(Records for this exercise Opens)
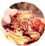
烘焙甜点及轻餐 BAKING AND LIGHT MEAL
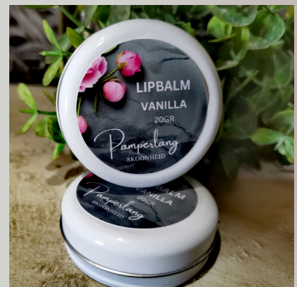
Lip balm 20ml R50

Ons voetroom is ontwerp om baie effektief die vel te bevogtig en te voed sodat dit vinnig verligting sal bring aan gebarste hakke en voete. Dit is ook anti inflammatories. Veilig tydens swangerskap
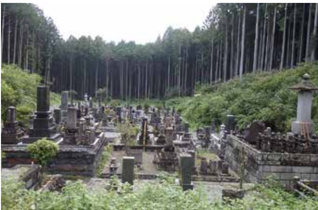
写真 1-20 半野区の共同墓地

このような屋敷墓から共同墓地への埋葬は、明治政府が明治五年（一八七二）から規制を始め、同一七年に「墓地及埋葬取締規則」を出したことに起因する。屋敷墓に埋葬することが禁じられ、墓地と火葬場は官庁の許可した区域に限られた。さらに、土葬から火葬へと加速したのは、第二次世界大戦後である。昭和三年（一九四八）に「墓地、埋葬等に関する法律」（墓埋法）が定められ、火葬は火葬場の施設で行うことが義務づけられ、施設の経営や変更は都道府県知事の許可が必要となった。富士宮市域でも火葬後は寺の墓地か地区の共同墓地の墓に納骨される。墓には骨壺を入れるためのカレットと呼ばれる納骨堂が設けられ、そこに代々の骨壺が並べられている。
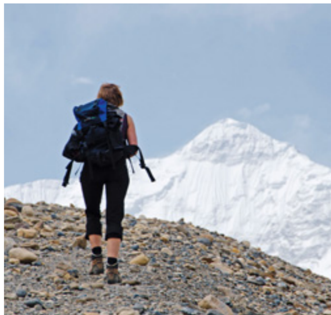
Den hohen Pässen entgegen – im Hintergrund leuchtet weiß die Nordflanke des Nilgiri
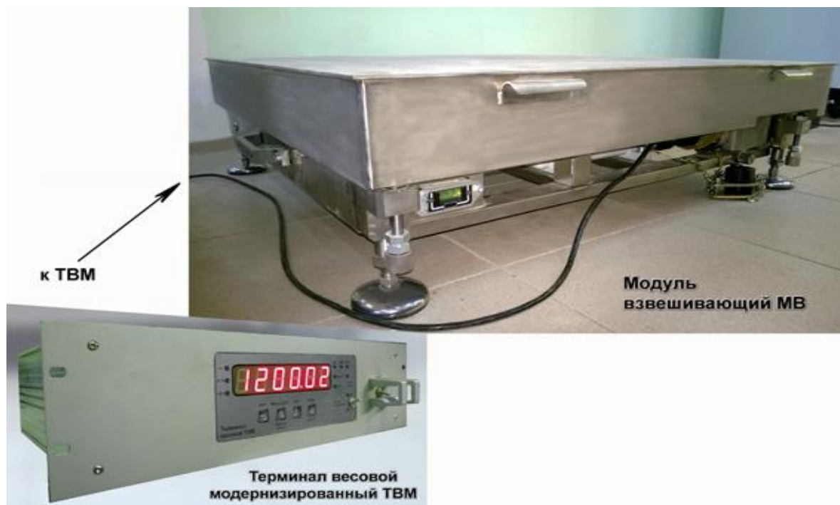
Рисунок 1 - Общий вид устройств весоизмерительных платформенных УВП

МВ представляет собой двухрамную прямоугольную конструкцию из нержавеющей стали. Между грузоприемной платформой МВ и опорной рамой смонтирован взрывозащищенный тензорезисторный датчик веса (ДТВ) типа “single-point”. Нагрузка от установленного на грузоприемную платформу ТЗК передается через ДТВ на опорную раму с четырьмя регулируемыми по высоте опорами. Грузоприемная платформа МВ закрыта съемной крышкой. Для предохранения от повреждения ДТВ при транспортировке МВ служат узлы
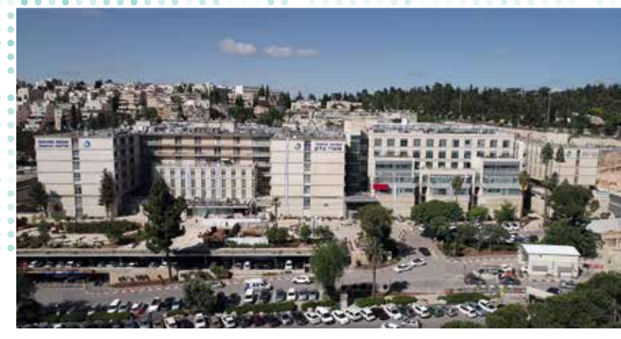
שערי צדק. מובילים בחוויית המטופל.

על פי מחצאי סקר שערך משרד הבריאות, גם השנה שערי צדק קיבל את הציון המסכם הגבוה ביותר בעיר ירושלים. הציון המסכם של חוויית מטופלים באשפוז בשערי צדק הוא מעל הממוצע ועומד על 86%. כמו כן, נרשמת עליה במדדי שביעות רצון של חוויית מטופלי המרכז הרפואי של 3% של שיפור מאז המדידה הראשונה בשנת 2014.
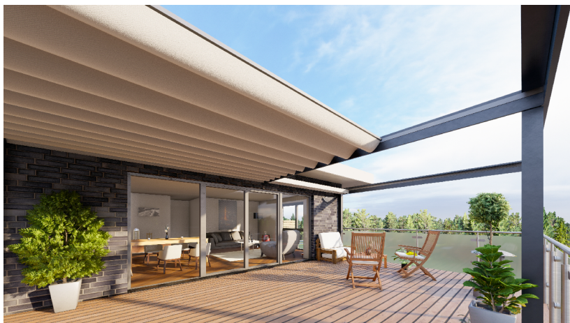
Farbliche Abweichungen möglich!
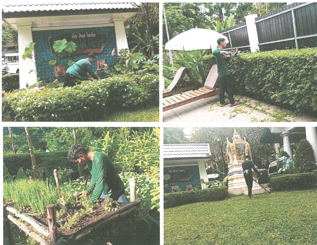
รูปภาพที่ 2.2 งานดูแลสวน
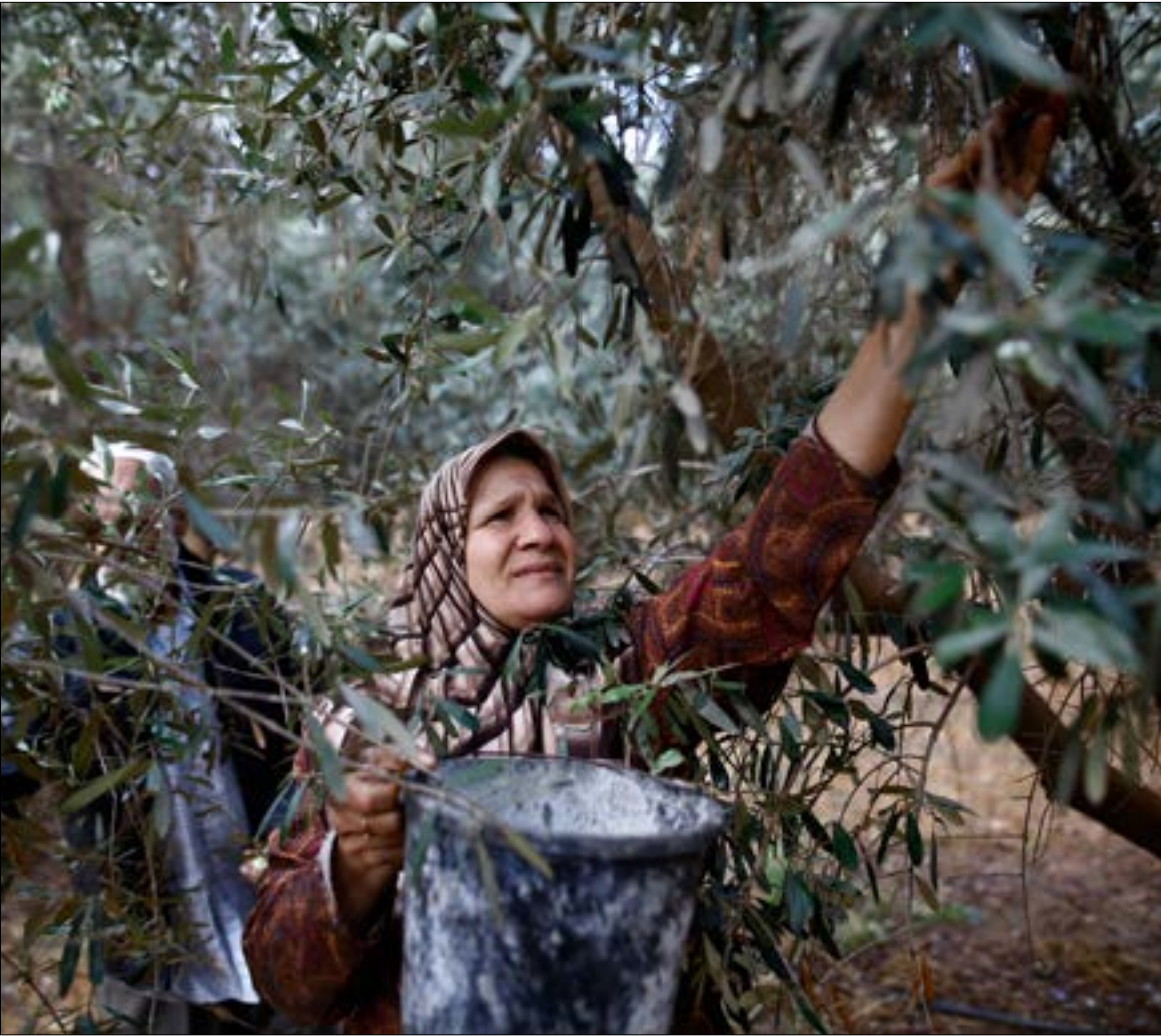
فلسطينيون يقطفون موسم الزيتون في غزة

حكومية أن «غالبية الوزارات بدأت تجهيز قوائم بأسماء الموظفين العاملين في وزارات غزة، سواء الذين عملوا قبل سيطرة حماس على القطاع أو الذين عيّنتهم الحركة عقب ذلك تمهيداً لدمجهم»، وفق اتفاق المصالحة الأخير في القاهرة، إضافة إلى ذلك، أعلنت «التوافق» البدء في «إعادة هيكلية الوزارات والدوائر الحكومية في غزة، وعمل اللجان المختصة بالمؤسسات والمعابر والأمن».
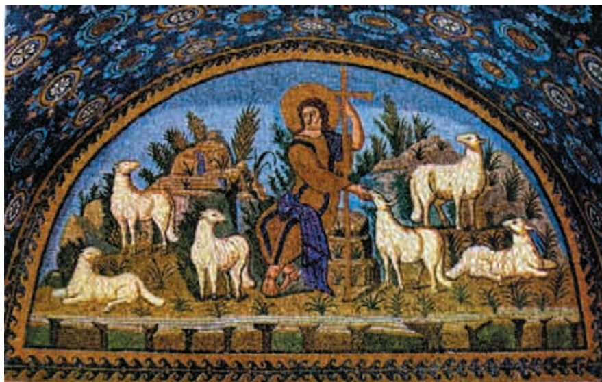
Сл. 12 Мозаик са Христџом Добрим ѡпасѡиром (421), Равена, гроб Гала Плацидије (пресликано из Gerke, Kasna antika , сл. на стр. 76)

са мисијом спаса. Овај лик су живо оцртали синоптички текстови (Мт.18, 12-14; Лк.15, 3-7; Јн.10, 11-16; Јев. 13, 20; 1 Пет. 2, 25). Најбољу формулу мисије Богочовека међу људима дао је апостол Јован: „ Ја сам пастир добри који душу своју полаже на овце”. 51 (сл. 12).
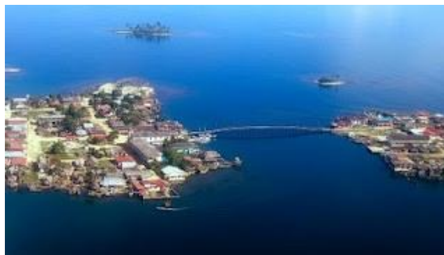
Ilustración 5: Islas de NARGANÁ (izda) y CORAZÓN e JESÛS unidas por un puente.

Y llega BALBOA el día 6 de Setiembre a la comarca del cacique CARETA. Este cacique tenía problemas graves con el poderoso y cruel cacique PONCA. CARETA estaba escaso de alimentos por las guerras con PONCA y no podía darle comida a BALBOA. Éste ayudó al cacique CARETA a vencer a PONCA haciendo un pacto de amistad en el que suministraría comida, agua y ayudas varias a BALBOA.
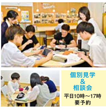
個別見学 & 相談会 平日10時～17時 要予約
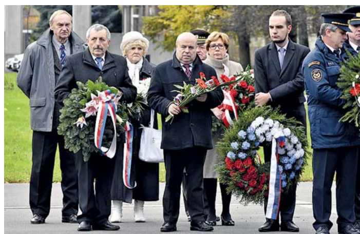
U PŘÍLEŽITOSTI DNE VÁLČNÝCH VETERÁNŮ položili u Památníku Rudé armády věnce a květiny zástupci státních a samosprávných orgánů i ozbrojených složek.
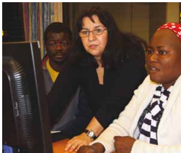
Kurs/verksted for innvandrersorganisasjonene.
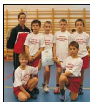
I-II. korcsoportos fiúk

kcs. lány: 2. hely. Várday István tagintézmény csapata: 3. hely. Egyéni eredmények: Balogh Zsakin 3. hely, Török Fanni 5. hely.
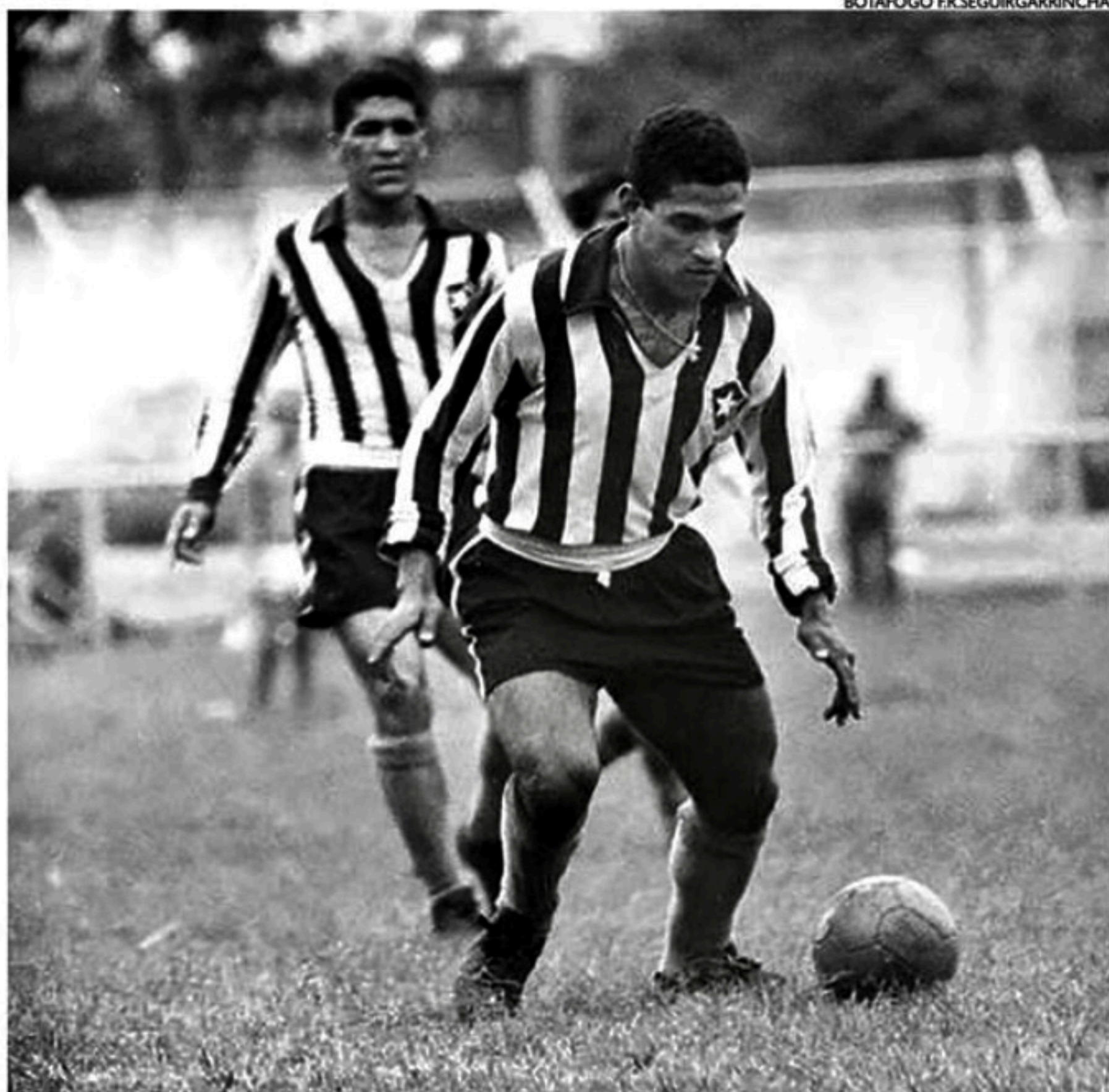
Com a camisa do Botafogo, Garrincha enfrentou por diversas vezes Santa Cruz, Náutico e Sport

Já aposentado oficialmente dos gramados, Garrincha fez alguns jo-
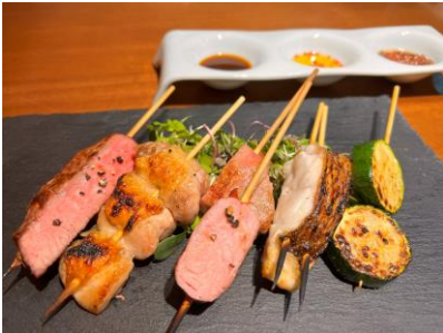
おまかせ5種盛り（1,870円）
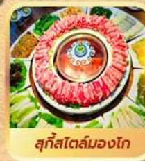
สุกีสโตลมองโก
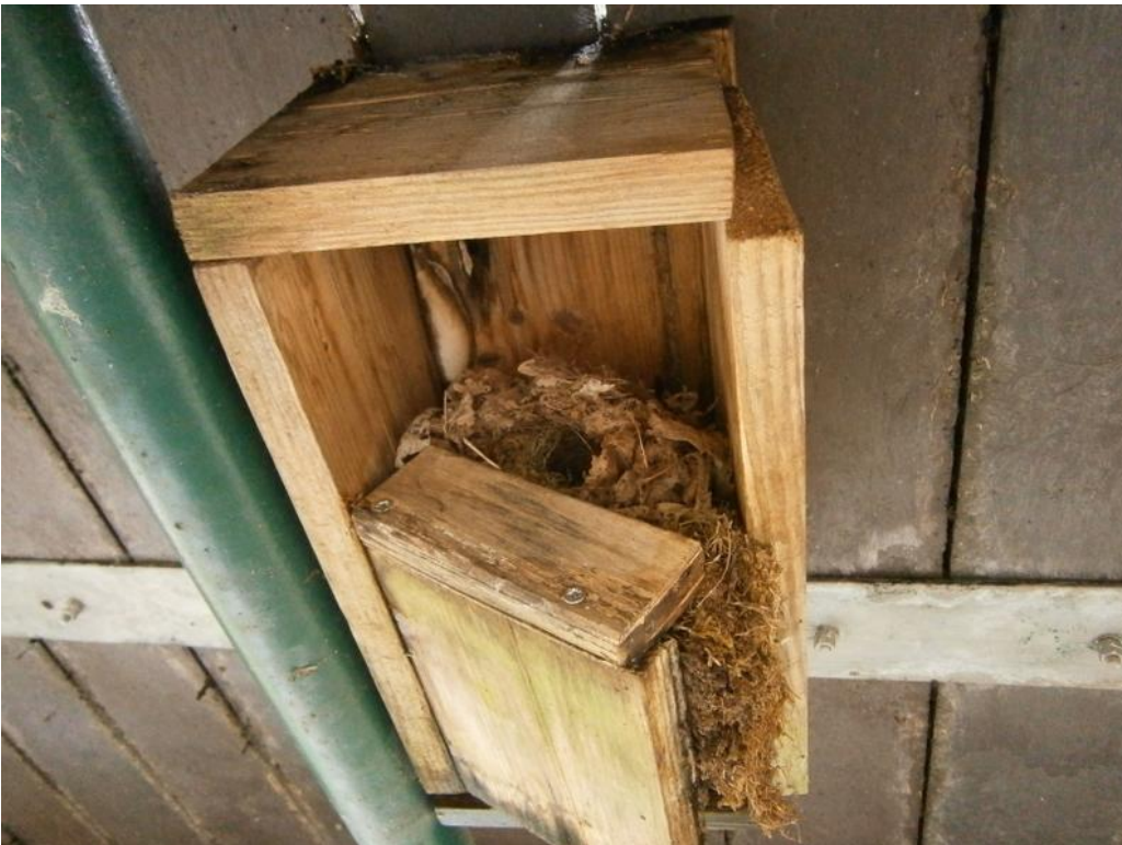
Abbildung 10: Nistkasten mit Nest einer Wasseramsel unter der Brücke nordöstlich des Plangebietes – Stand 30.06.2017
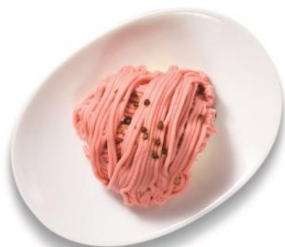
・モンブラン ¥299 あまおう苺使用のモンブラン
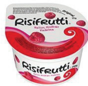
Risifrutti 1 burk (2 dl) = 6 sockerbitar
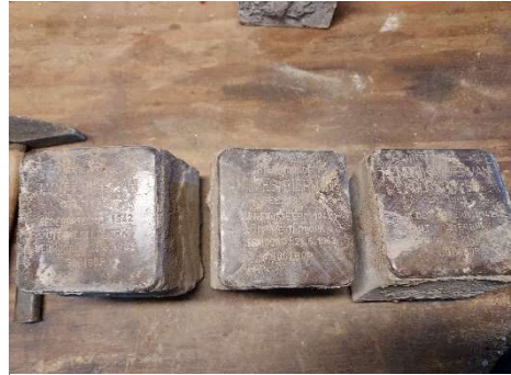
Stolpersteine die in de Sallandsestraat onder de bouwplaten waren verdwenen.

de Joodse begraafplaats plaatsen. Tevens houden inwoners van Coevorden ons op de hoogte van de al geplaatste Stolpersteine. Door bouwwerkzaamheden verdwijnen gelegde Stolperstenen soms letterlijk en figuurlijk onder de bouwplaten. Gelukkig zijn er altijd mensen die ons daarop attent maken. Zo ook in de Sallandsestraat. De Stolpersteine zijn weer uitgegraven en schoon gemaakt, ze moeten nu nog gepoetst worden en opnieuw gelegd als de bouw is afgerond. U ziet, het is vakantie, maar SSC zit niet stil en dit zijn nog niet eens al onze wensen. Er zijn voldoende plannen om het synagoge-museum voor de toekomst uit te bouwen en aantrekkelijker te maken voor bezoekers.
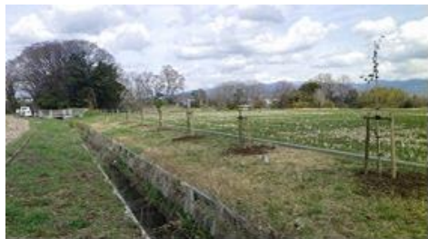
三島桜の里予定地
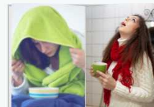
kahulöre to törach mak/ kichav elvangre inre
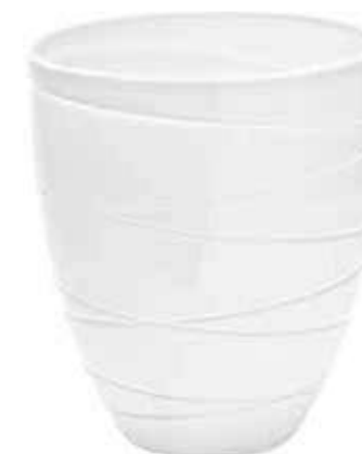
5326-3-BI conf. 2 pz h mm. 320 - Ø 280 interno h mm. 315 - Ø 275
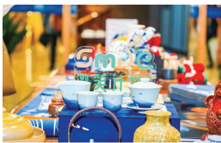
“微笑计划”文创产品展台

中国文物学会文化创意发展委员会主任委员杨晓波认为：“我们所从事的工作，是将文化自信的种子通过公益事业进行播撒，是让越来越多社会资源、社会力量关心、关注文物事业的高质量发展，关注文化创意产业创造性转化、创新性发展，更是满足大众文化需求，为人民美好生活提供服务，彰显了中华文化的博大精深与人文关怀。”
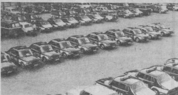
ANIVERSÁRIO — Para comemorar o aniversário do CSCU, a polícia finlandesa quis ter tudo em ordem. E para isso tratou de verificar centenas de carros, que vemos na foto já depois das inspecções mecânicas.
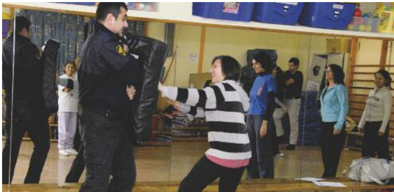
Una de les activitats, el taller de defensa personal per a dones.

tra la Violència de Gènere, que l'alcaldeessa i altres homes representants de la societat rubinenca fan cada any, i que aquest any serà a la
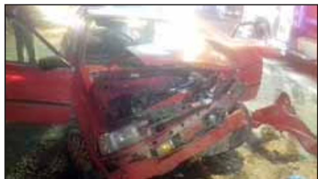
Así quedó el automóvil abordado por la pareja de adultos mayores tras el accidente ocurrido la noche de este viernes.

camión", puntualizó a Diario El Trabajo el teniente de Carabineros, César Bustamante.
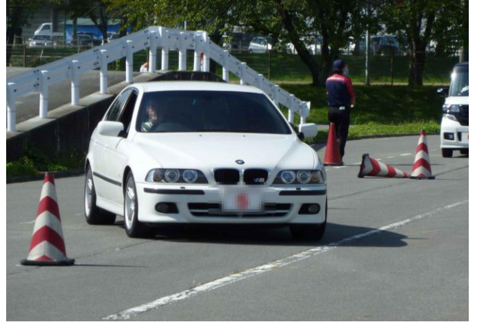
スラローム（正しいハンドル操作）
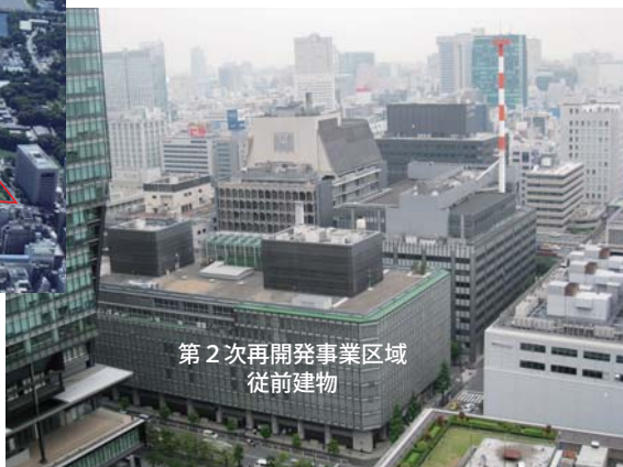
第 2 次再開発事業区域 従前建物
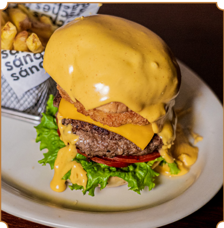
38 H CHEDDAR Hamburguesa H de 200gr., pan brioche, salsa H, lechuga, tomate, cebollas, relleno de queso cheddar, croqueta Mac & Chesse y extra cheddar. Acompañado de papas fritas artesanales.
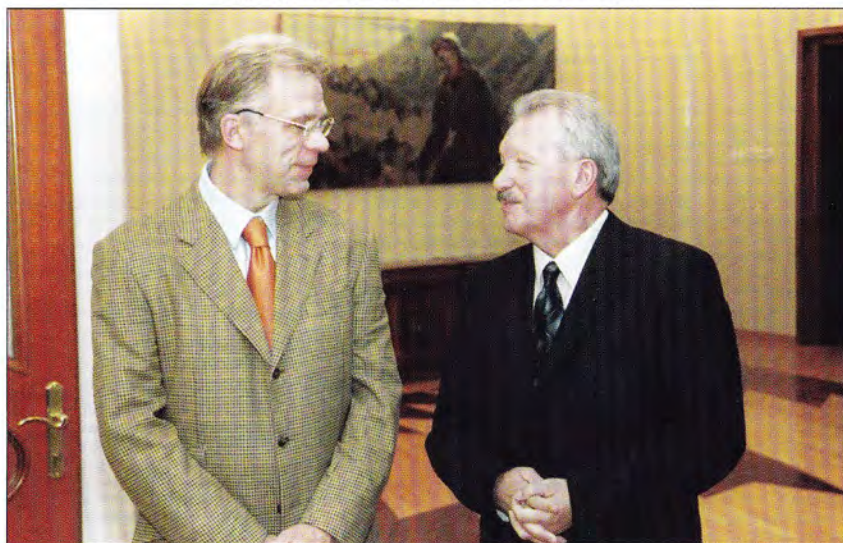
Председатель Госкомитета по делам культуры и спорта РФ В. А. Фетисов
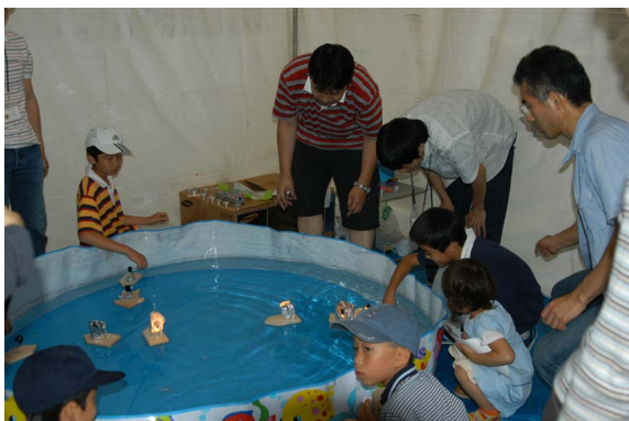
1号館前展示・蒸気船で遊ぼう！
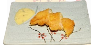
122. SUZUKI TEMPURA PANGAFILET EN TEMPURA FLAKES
(Records for this exercise Closes)
- [What the task asks]: Only the lines from the start of the material through the line containing "فلسطينيون يقطفون موسم الزيتون في غزة" should be transcribed. Pictures stay out.

- [Task output]:
烘焙甜点及轻餐 BAKING AND LIGHT MEAL
Lip balm 20ml R50

Ons voetroom is ontwerp om baie effektief die vel te bevogtig en te voed sodat dit vinnig verligting sal bring aan gebarste hakke en voete. Dit is ook anti inflammatories. Veilig tydens swangerskap
写真 1-20 半野区の共同墓地

このような屋敷墓から共同墓地への埋葬は、明治政府が明治五年（一八七二）から規制を始め、同一七年に「墓地及埋葬取締規則」を出したことに起因する。屋敷墓に埋葬することが禁じられ、墓地と火葬場は官庁の許可した区域に限られた。さらに、土葬から火葬へと加速したのは、第二次世界大戦後である。昭和三年（一九四八）に「墓地、埋葬等に関する法律」（墓埋法）が定められ、火葬は火葬場の施設で行うことが義務づけられ、施設の経営や変更は都道府県知事の許可が必要となった。富士宮市域でも火葬後は寺の墓地か地区の共同墓地の墓に納骨される。墓には骨壺を入れるためのカレットと呼ばれる納骨堂が設けられ、そこに代々の骨壺が並べられている。
Den hohen Pässen entgegen – im Hintergrund leuchtet weiß die Nordflanke des Nilgiri
Рисунок 1 - Общий вид устройств весоизмерительных платформенных УВП

МВ представляет собой двухрамную прямоугольную конструкцию из нержавеющей стали. Между грузоприемной платформой МВ и опорной рамой смонтирован взрывозащищенный тензорезисторный датчик веса (ДТВ) типа “single-point”. Нагрузка от установленного на грузоприемную платформу ТЗК передается через ДТВ на опорную раму с четырьмя регулируемыми по высоте опорами. Грузоприемная платформа МВ закрыта съемной крышкой. Для предохранения от повреждения ДТВ при транспортировке МВ служат узлы
שערי צדק. מובילים בחוויית המטופל.

על פי מחצאי סקר שערך משרד הבריאות, גם השנה שערי צדק קיבל את הציון המסכם הגבוה ביותר בעיר ירושלים. הציון המסכם של חוויית מטופלים באשפוז בשערי צדק הוא מעל הממוצע ועומד על 86%. כמו כן, נרשמת עליה במדדי שביעות רצון של חוויית מטופלי המרכז הרפואי של 3% של שיפור מאז המדידה הראשונה בשנת 2014.
Farbliche Abweichungen möglich!
รูปภาพที่ 2.2 งานดูแลสวน
فلسطينيون يقطفون موسم الزيتون في غزة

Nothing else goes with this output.